Since initial analysis occurs in massive parallelism across a single layer or a few tightly linked layers, the analysis is complete within a few milliseconds of the reception of a stimulus pattern. The pattern of activation created in area 17 at the extreme posterior of the brain will thus be distributed very quickly.
This distributed pattern of activation may be compared to a mosaic similar to bit-mapped representations common to computerized image analysis or pixels on a television screen. The resulting conceptual mosaic generated in other parts of the brain, however, is more like a multi-dimensional map of associated concepts and features in the image. An image of an object may be synthesized by combining splotches of color, discerned shapes, and lines into a composite mosaic.
Mesgarani and Chang have found that similar brain processes apply to perceived sounds of speech. Electrodes placed on the surface of the brain let researchers see precisely how neurons or clusters of neurons, responded as each bit of sound passed through. They observed some cells were responding specifically to plosives, like the initial puh-sounds in Peter Piper Picked a Peck of Pickled Peppers, while other cells were responding to specific vowel sounds. Chang says: “We were shocked to see the kind of selectivity. Those sets of neurons were highly responsive to particular speech sounds.” he went on to explain that “these sounds are what linguists call phonemic features, the most basic components of speech. There are about a dozen of these features. And they can be combined to make phonemes, the sounds that allow us to tell the difference between words like dad and words like bad.” (From NPR story and Journal of Nature)

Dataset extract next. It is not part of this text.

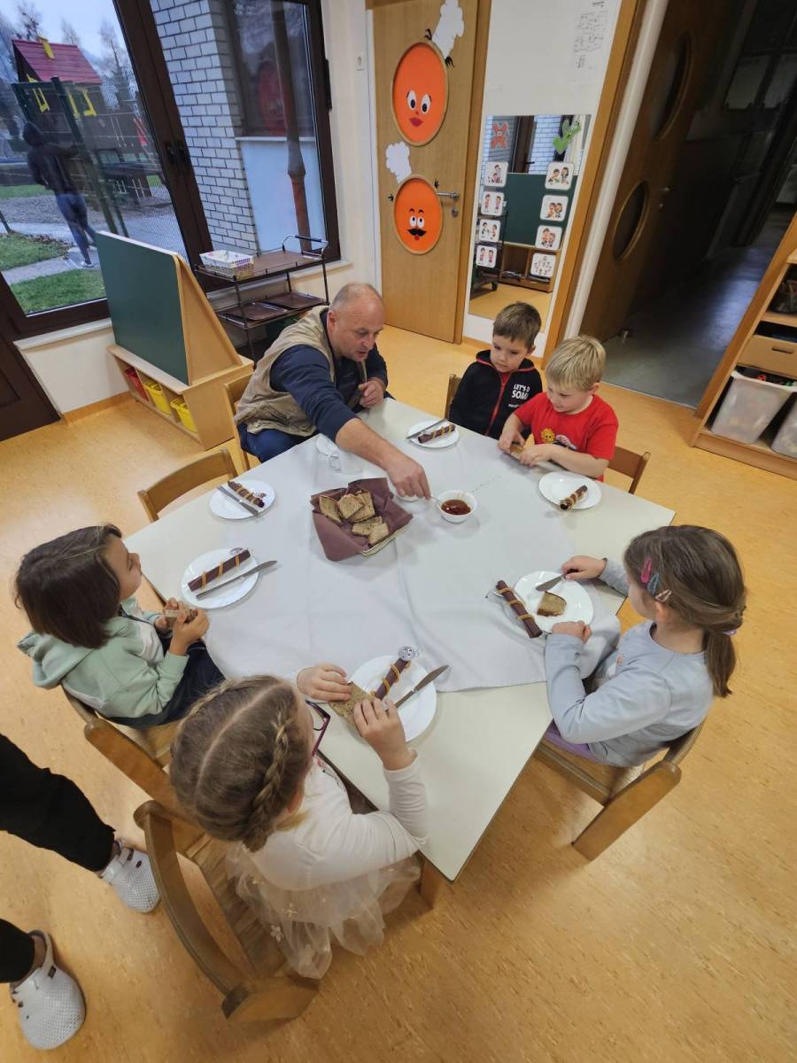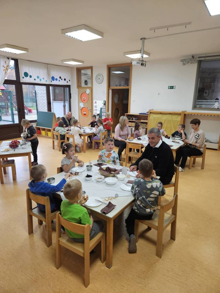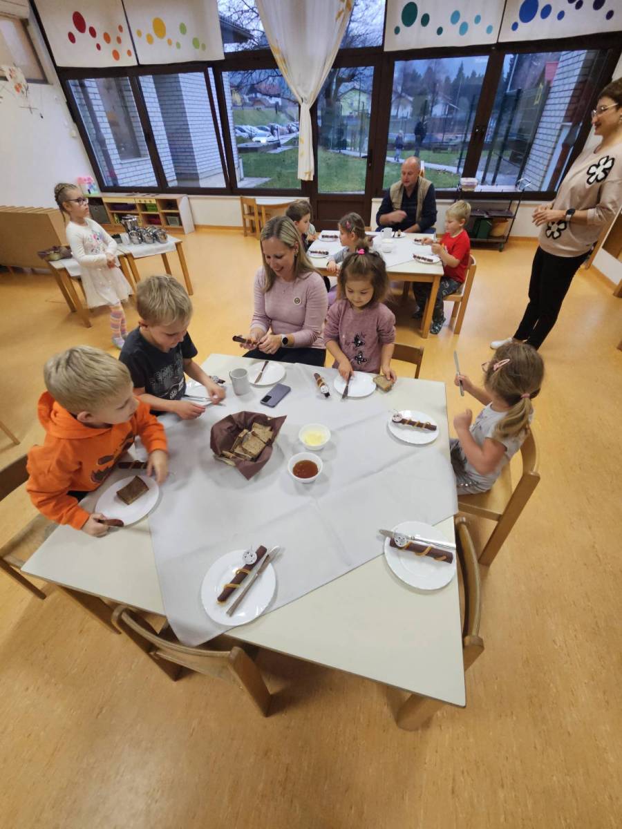 Tradicionalni slovenski zajtrk je potekal v petek, 21. 11. 2025. Za zajtrk so nam kuharice pripravile domač kruh, maslo, med, jabolko in mleko. Na zajtrku so se nam pridružili župan občine Vuzenica, gospod Franjo Golob, ravnateljica dr. Mojca Hrastelj Brelih, vodja vrtca gospa Andreja Kuhar in čebelar gospod Domen Žvikart. Otroci so bili veseli obiska, in verjamemo, da jim bo ta zajtrk ostal v lepem spominu.

As the pattern of activation spreads forward in the brain, a representation of objects in the scene is synthesized by a pattern of activation in the neurons of areas 18 and 19 – the association areas of the visual cortex. The process is called binding. Activations in the association area directly follow activations in the primary visual cortex and resolve within 20 to 40 milliseconds of the initial stimulus.
The patterns can be channeled through filters to find important objects or parts of objects in the scene. These patterns can then activate a chain reaction of recognition. Obviously, recognition is dependent on the link structure that has formed in the brain throughout the individual’s learning cycle.
The process of object extraction will be driven by more complex cognitive processes than feature extraction because object extraction implies some level of recognition. Recognition may require integration of information in two or more of the perceptual areas, such as visual and olfactory or audio and tactile information that can provide a multi-dimensional interpretation of objects. Recognition is discussed in more detail in my posts on perception and cognition.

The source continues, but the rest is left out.